Hannah Chowdhry receives Diana Award for social action and Humanitarian work

Hannah Chowdhry, a long-term British Asian Christian Association volunteer has received a Diana award for her social action and humanitarian work.

On 15th July 2019 at a lavish ceremony at the Welsh Assembly in Cardiff,  Hannah Chowdhry from Chigwell, Essex, received her certificate for
her Diana Award from HM Lord-Lieutenant of South Glamorgan, Morfudd Meredith.  Hannah had to postpone her original certification date on the 1st
of July at Westminster, due to being in the middle of her Duke of Edinburgh Award Silver Expedition (click here).

Hannah has always been a very community-spirited person, intent on improving the locality where she lives for the benefit of everyone. She triggered
a campaign that led to the installation of a £50,000 mammoth skull replica which is housed in the Redbridge Museum, this little piece of history restored
to its original location was Hannah’s first community campaign which she started at the tender age of seven.

At high school Hannah became aware that some local pupils were using legal-highs and more severe drugs (click here),
so she initiated a campaign that led to the creation of a borough-wide drug crime reporting portal on the East Ilford Betterment Partnership website
(click here). A solution she designed to help better
map crimes of this nature and hopes that as awareness of the facility increases it can be used by local police to enhance drug operations ward by ward,
whilst also safely galvanizing community action against this crime. Hannah has often spoken about the link between drug crime and teen knife crime
through the growing phenomenon of County Lines entrapment (click here).

At 13 she had already become a competent and experienced volunteer and campaigner for the British Pakistani Christian Association. For the BACA she
has spoken at Westminster Cathedral to an audience of over 1,000 people (click here) and was invited to an EU Conference on minority persecution in Pakistan (click here).

Although Hannah was diagnosed with Juvenile Arthritis from the age of seven she still represented her school in Badminton, Football, Swimming, and
has won a national badminton competition and a local football tournament until this year.  Sadly she has had to miss over 24 weeks schooling this
year after a footballing accident whch revealed that her actual condition is Reflex Sympathetic Dystrophy an extermely painful condition, meaning
that she was not able to participate in any sports this year.  

 

Hannah is determined that her physical condition does not deter her from helping her community wherever she can. When Hannah learnt about
the desire of local people to have a nativity scene reinstated on the steps of Ilford Town Hall she helped obtain funding and subsequent permission to
have it reinstated. In 2017, for the first time in 11 years, the nativity took pride of place to the approval of people of all faiths (click here).
For the three years prior to that Hannah organised volunteers from amongst peers at her school who designed a Nativity window display at BACA’s head office
made from recycled material (click here).
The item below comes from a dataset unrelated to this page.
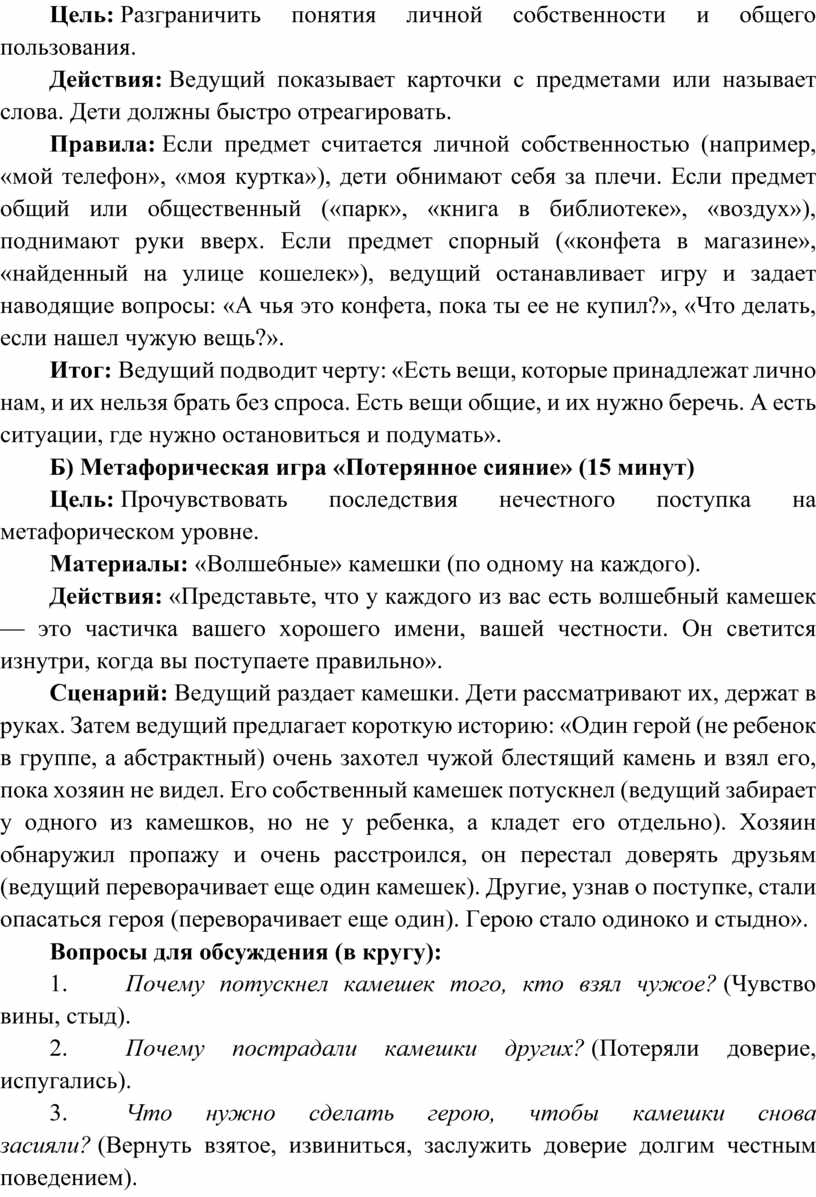 Сценарий: Ведущий раздает камешки. Дети рассматривают их, держат в руках. Затем ведущий предлагает короткую историю: «Один герой (не ребенок в группе, а абстрактный) очень захотел чужой блестящий камень и взял его, пока хозяин не видел. Его собственный камешек потускнел (ведущий забирает у одного из камешков, но не у ребенка, а кладет его отдельно). Хозяин обнаружил пропажу и очень расстроился, он перестал доверять друзьям (ведущий переворачивает еще один камешек). Другие, узнав о поступке, стали опасаться героя (переворачивает еще один). Герою стало одиноко и стыдно».

Hannah has been a long term campaigner against ten knife crime and her letter to PM Theresa May and Mayor of London Sadiq Khan received personal wrotten
responses.  Moreover she now sits on a youth reference panel for the Mayor’s Office for Policing and Crime (MOPAC). Hannah held a successful knife
crime summit at High Road Baptist Church at which the local police cadets launched a video on teen knife crime (click here) and
also took part in the Serious About Youth Conference at City Gates Church last month (click here). In
her desire to eradicate knife crime and improve youth cohesion Hannah is working towards a bold project to introduce a non-alcoholic bar for teenagers
in Ilford (click here).


Hannah is currently an Essex Youth Councillor and a member of Redbridge Youth Council too and is the first young person to represent two constituencies.